[[ Data supplied, beginning ]]

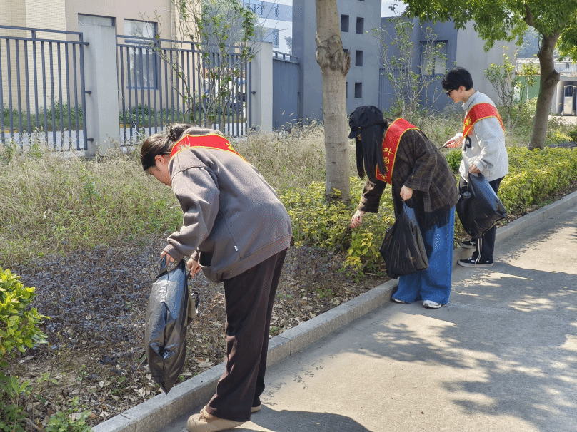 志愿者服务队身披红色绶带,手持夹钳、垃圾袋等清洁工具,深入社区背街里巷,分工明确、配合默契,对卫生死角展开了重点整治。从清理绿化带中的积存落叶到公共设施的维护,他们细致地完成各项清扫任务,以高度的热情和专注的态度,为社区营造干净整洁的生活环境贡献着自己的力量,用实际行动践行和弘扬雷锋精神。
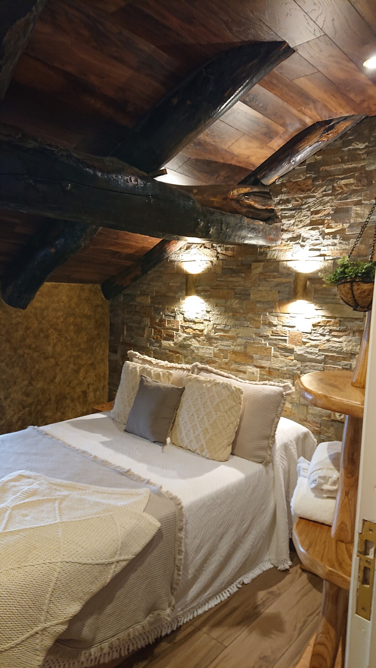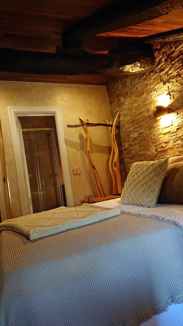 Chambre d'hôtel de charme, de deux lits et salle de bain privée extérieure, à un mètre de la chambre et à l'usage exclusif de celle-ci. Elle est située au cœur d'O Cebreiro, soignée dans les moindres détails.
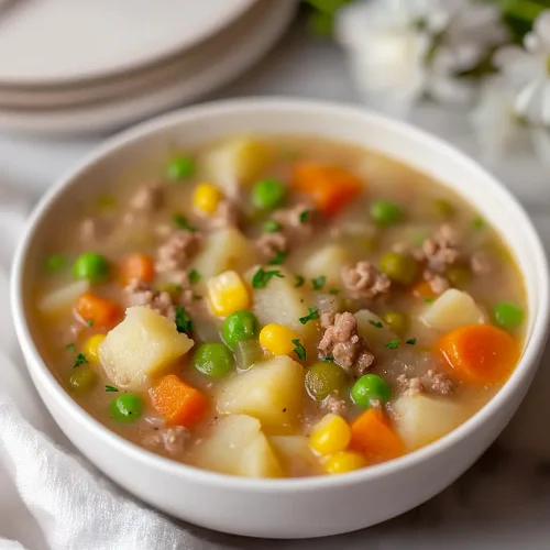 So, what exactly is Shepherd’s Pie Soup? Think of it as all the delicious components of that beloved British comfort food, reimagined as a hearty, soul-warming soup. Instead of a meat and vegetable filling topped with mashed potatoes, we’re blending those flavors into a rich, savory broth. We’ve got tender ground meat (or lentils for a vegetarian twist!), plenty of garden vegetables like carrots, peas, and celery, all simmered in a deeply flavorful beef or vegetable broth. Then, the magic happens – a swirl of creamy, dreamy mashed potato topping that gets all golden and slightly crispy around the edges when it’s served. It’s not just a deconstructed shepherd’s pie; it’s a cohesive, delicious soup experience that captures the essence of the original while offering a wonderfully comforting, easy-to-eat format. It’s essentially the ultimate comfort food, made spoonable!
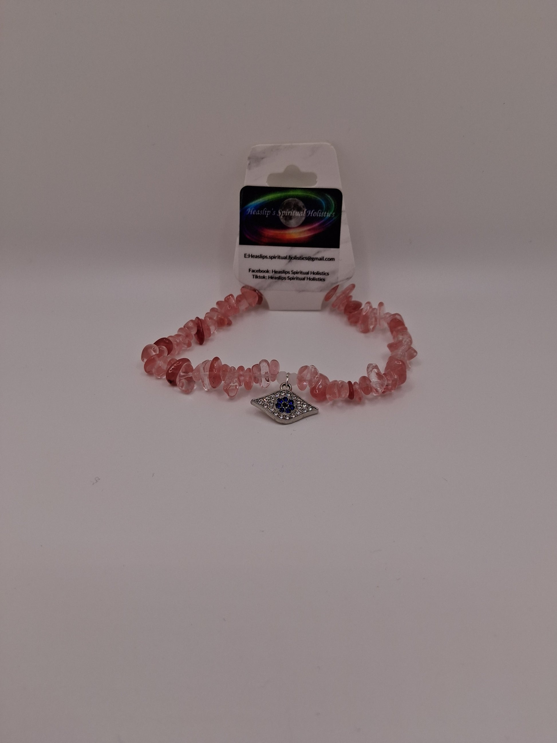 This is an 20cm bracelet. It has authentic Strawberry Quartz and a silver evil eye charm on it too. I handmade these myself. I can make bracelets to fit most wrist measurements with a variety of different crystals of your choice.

[[ Data supplied, end ]]
[[ Data supplied, beginning ]]

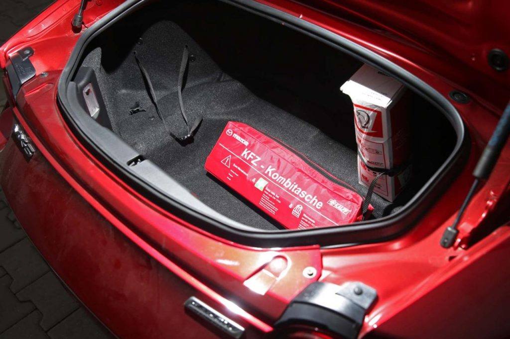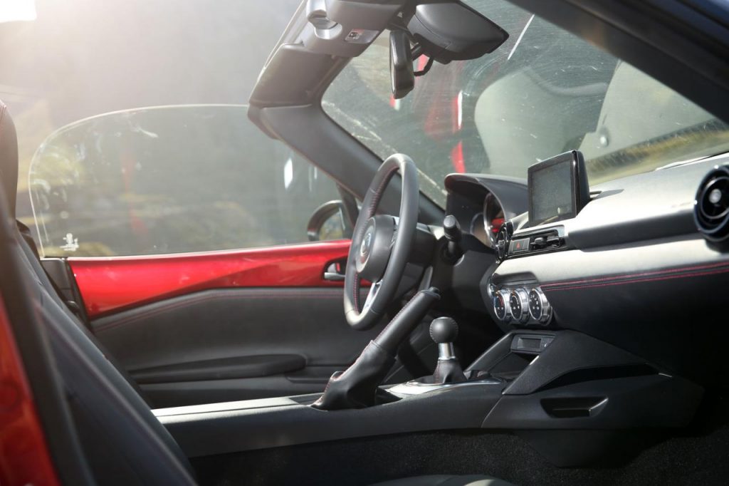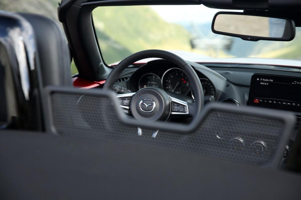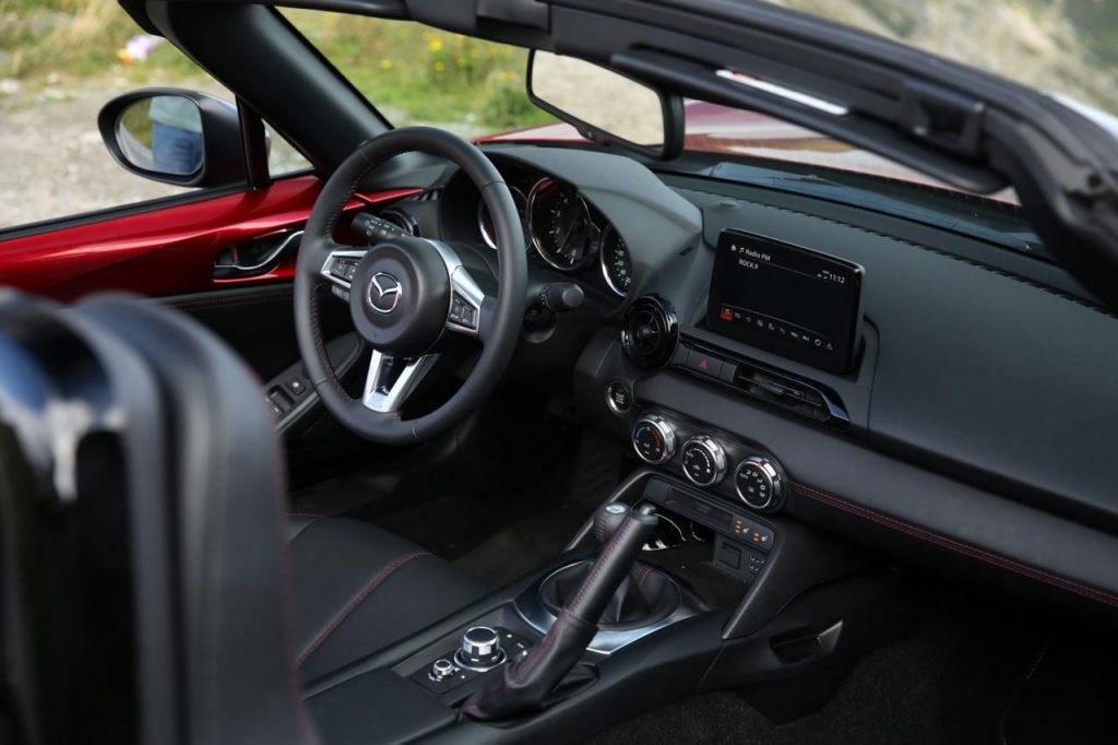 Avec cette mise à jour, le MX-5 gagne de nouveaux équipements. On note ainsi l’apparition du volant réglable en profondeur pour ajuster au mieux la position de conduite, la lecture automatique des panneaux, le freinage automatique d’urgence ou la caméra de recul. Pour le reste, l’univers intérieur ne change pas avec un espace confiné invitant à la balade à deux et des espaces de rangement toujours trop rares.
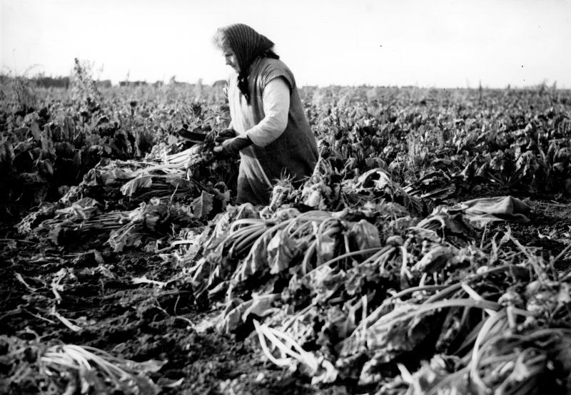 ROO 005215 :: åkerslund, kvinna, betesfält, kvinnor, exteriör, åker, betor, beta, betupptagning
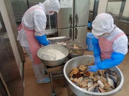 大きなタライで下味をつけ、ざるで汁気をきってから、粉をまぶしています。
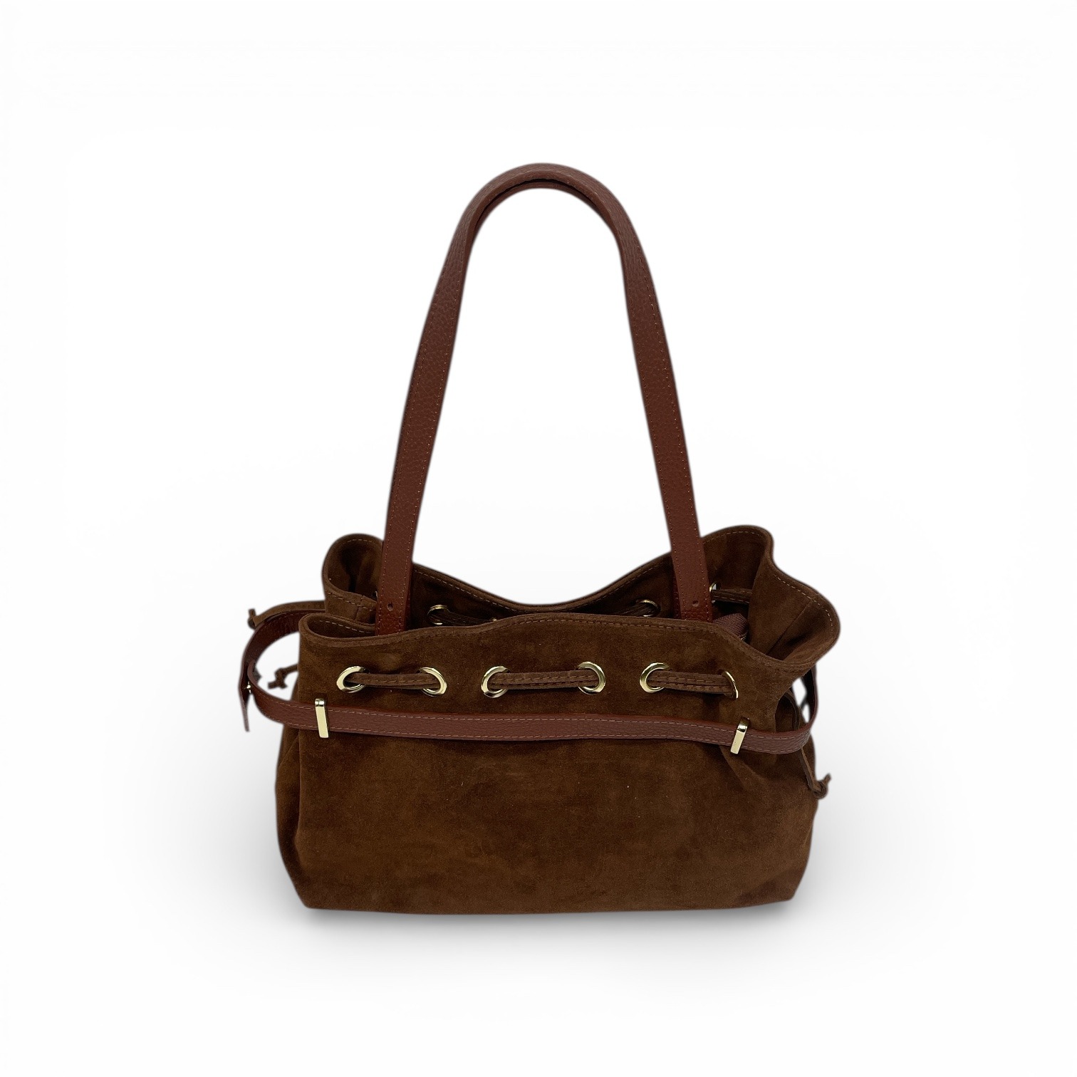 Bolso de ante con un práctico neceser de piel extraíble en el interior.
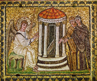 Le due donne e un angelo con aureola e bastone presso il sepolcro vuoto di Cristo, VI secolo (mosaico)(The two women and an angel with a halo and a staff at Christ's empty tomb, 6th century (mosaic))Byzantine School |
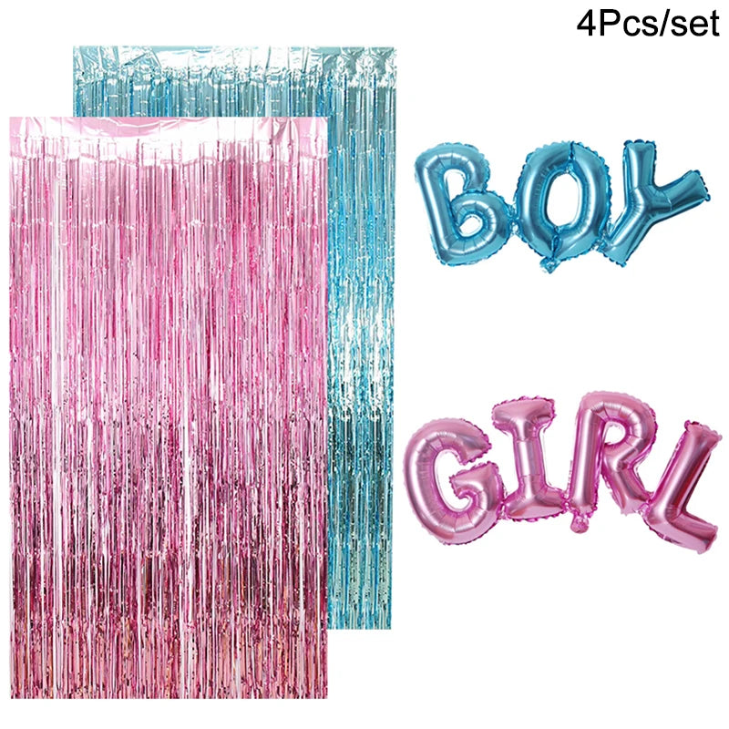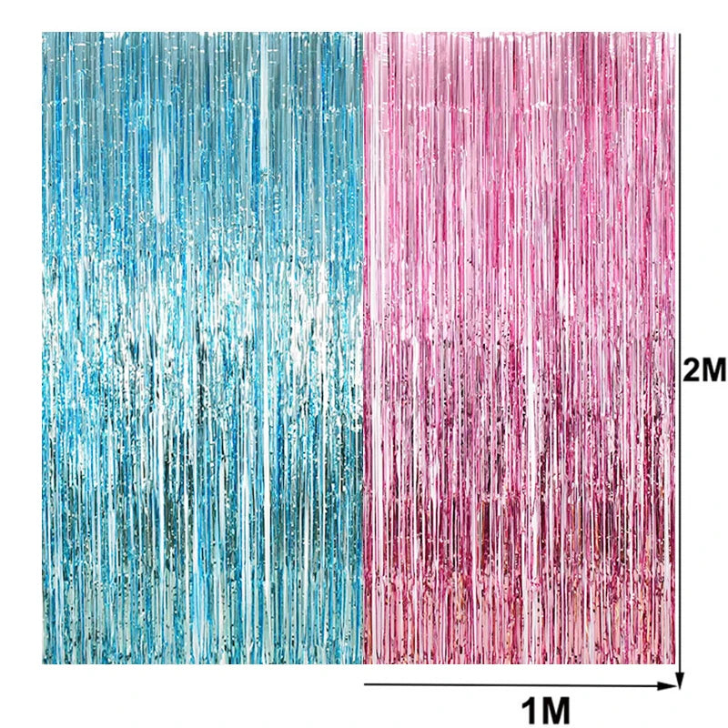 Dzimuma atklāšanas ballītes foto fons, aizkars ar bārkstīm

[[ Data supplied, end ]]
[[ Data supplied, beginning ]]

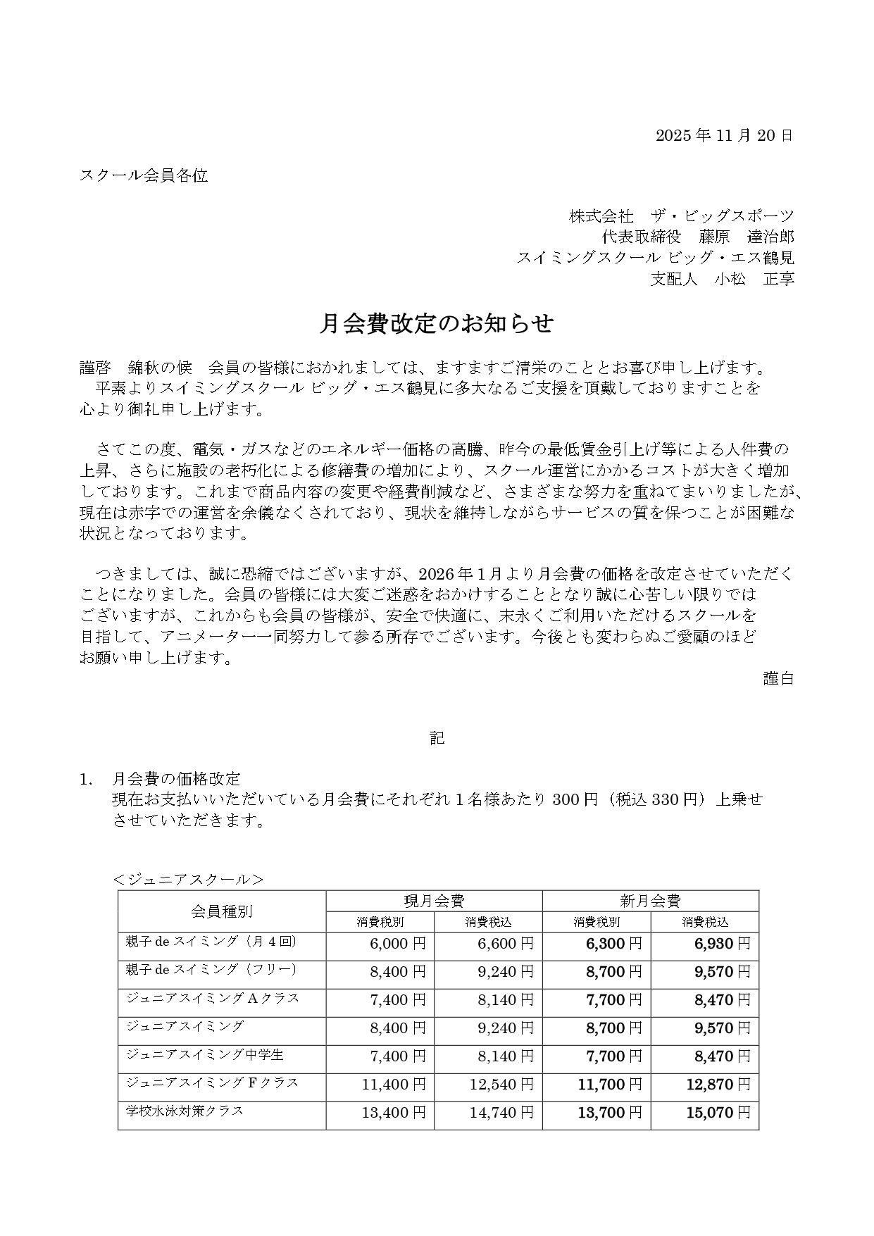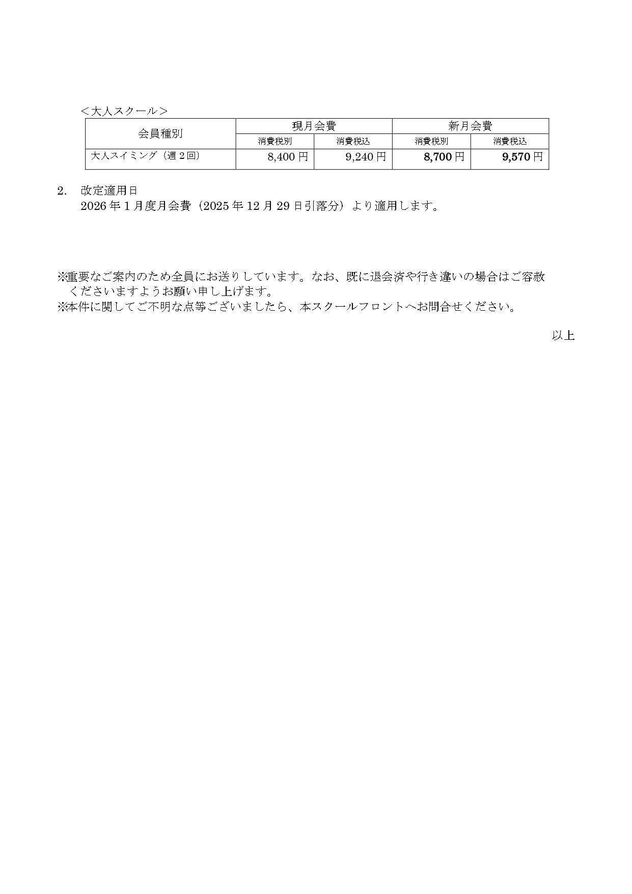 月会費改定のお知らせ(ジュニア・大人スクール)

[[ Data supplied, end ]]

### Directions
For this task, return exactly the stretch of the listing above from the line with "大きなタライで下味をつけ、ざるで汁気をきってから、粉をまぶしています。" through the line with "Le due donne", inclusive and without pictures.

### Answer box
 大きなタライで下味をつけ、ざるで汁気をきってから、粉をまぶしています。
 Bolso de ante con un práctico neceser de piel extraíble en el interior.
 Le due donne e un angelo con aureola e bastone presso il sepolcro vuoto di Cristo, VI secolo (mosaico)(The two women and an angel with a halo and a staff at Christ's empty tomb, 6th century (mosaic))Byzantine School |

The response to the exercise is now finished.